BARR: Well, I would -- I would ask the richest among us, the richest corporate citizens to, you know, include the American people in their jobs. Instead of sending all of our jobs to China and other countries. Where people are doing fine. I have a whole thing on my Web site, where I talk about agriculture. And going back to the things that built the middle class in the country.

We were once the bread basket of the world for instance. And we still have the capability to do that again, to grow the world's food. So all of the solutions which have already been proven in this country and built a large and middle class and a working class, too, can be reemployed I think.

It's just like we just need to tip it. And step away from the direction we're headed, which does not work. And, like I said, benefits a very small percentage of people. And disfranchises the rest, 99 percent. To disfranchise 99 percent of voters is really stupid. And these guys that are so smart or think that they're smart, you know, have caused all this problem and now, you know, now they're talking about, you know, they're bringing the ideas for solutions which are exactly like the problems they caused.

So, yes, I do think that government should not be run as a business. Government is the thing that protects the people from fat cats, monopolists and crazy international bankers that just write off human life. So you know --

MORGAN: Let's take --

BARR: I think they're very, very simple socialist solutions to everything.

MORGAN: Let us take a break, Roseanne. You've been roasting everybody the last 10 minutes. But you yourself just got roasted. I want to know if you can take it as well as give it.

BARR: I can.



JOHN GOODMAN, ACTOR: Damn. I was hoping we'd have a little extra money to play around with.

BARR: Well, you want extra money? Because, you know, I have my own system for extra money.

GOODMAN: All right.

BARR: OK. First, we send in the phone bill and we forget to sign the check.

GOODMAN: There you go.

BARR: Then I send the water bill to the electric company and the electric bill to the water company.

GOODMAN: Now you're cooking.

BARR: And you know that charge card bill? It never even showed up.


MORGAN: She's gone from sitcom star to Peace and Freedom candidate for president of the United States. Quite the journey.

I'm back with Roseanne Barr.

BARR: You know --

MORGAN: Yes, Roseanne?

BARR: You know, Piers, I just wanted to say that a large part of my solution is to, as FDR did, write down the principal on the debt. Thank you.


MORGAN: Let's just turn to your roast, which happened last week. How was it for you?
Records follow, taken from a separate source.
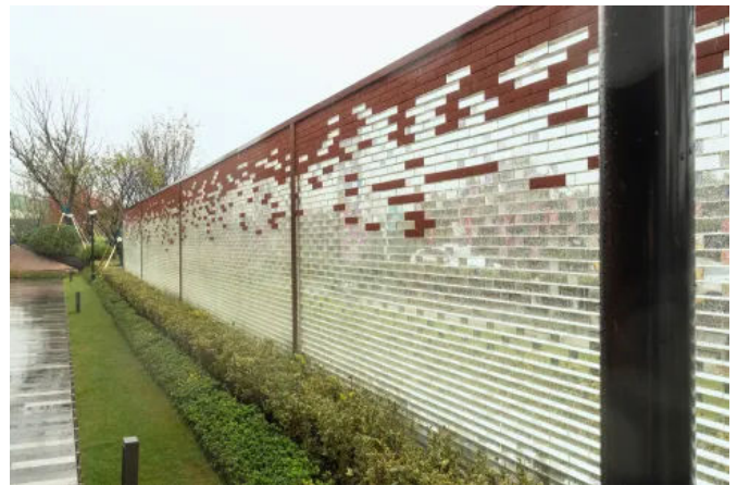
Glasziegel Crystal Collection
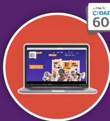
2022 Exposição online
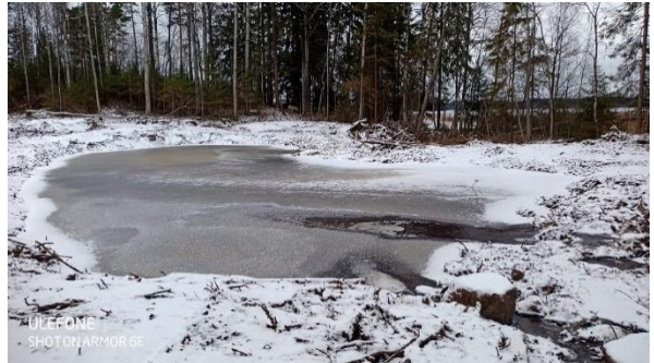
Sirosen laskeutusallas Takajärven rannassa.

Tilalla Siironen laajennetaan Takajärven rannassa vanhaa laskeutusallasta ja rakennetaan pohjapadot altaan ylä- ja alapuolelle. Altaan koko on noin 15 x 40 metriä. Kohde on toteutettu marraskuussa 2022.
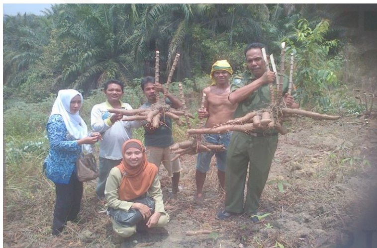
Gambar 4.2 Dokumentasi Ekonomi Masyarakat Kelurahan Minas Jaya

Sektor perdagangan hasil hasil industri rumah tangga merupakan salah satu komoditas yang cukup diminati serta menjanjikan karena secara geografis hampir secara keseluruhan wilayah kelurahan ini dilalui jalan lintas antar provinsi,pada level inilah yang merupakan aspek penunjang pendapatan keluarga yang bermuara pada pencapaian tingkat pendapatan perkapita serta mewujudkan peningkatan pendapatan asli Kelurahan (PAKes) 53
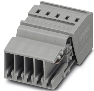
Abbildung zeigt eine 6-polige Variante

http://eshop.phoenixcontact.de/phoenix/treeViewClick.do?UID=3041367
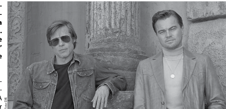
Brad Pitt e DiCaprio são as estrelas de "Era uma Vez em Hollywood".

António Ribeiro é um nome que aparentemente não nos diz nada. Porém, se falarmos em António Variações o caso muda de figura. João Maia realiza o filme que conta o processo de transformação na personagem artística que foi Antó-
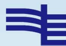
南方电网集团公司
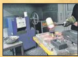
Eigene Schmelzöfen minimieren Kosten bei Der Goldmann
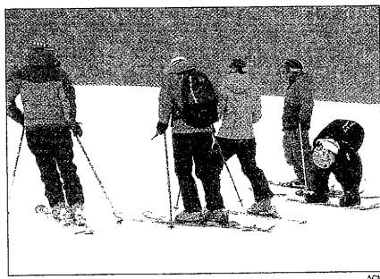
Espot recibió ayer a sus primeros esquiadores del año

de nieve a lo largo de toda la temporada a la estación, que tiene innivados el 63% de sus pistas después de la colocación de 36 nuevos cañones de un total de 126.
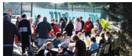
Tennis & Volley
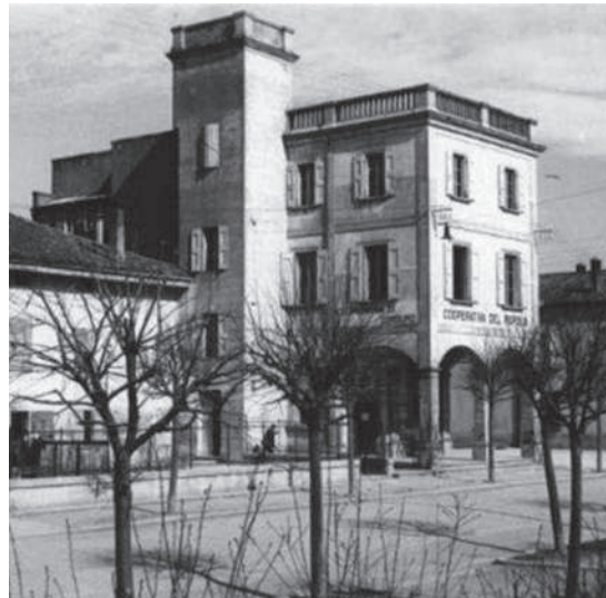
La sede della Cooperativa Agricola "G. Massarenti"

Lega dei Braccianti delle Organizzazioni Operaie di Molinella e nelle agitazioni del 1914, 1919 e 1920, nonché socio della allora Coop.
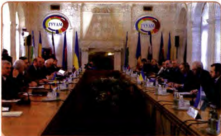
Пленарне засідання глав держав-учасниць ГУУАМ. Ялта, 7 червня 2001 р.

Саме в цьому контексті керівництво України розглядає ідею створення Єдиного економічного простору (ЄЕП) – економічної, а можливо, й політичної інтеграції держав СНД. Про намір створення ЄЕП президенти Росії, Казахстану, Білорусі та України заявили ще 2003 року. Однак коли справа

BARR: Yes. Well, it was the Comedy Central roast. And it was just fantastic. I loved it. I love that they gave me the opportunity to kind of bring it up a few notches. And it was like every -- all the press is saying, you know, it's one of the friendliest, nicest roasts. Because we lifted the level of the joke. And that's what I feel was a good thing to do and I'm glad I did it. And I loved every minute of it.

MORGAN: Well, let's watch --

BARR: I took it hard in the shorts and gave it hard, too.

MORGAN: Let's watch a little clip from your roast, that's coming up on Comedy Central.



BARR: Tom Arnold, I'd really like to thank Tom for showing up tonight. It was very brave. And he was very funny. But Jesus Christ, how many (EXPLETIVE DELETED) jobs do I have to get for that guy? I'm glad you have a new wife, Tom. I hope she isn't with you just for your money. I mean my money.


MORGAN: So Tom Arnold was getting roasted there. Not you.

BARR: Yes, well, you know, I get the last word on the roast, the roastee gets to have the final retort. And so I took everybody -- you know, I gave as good as I got. And, you know, just loved it. There was real cutting-edge comedy going on that night. I missed doing stand-up and it was fantastic to do it again.

MORGAN: There are two questions I like to ask all my special guests. I'm going to throw them at you. BARR: Thank you.

MORGAN: One is how many times have you been properly in love in your life?

BARR: Properly in love?


BARR: You know, there were many times in my life where I was in love. I'll just have to say that, many times. I happen to be in love right now.

I guess I'm -- I'm not like my gay sister and -- I mean, my gay sister and my gay brother that have both been with the same partner for 25 and 26 years respectively. I, as a straight person, have not been able to hold any relationship together as well as they.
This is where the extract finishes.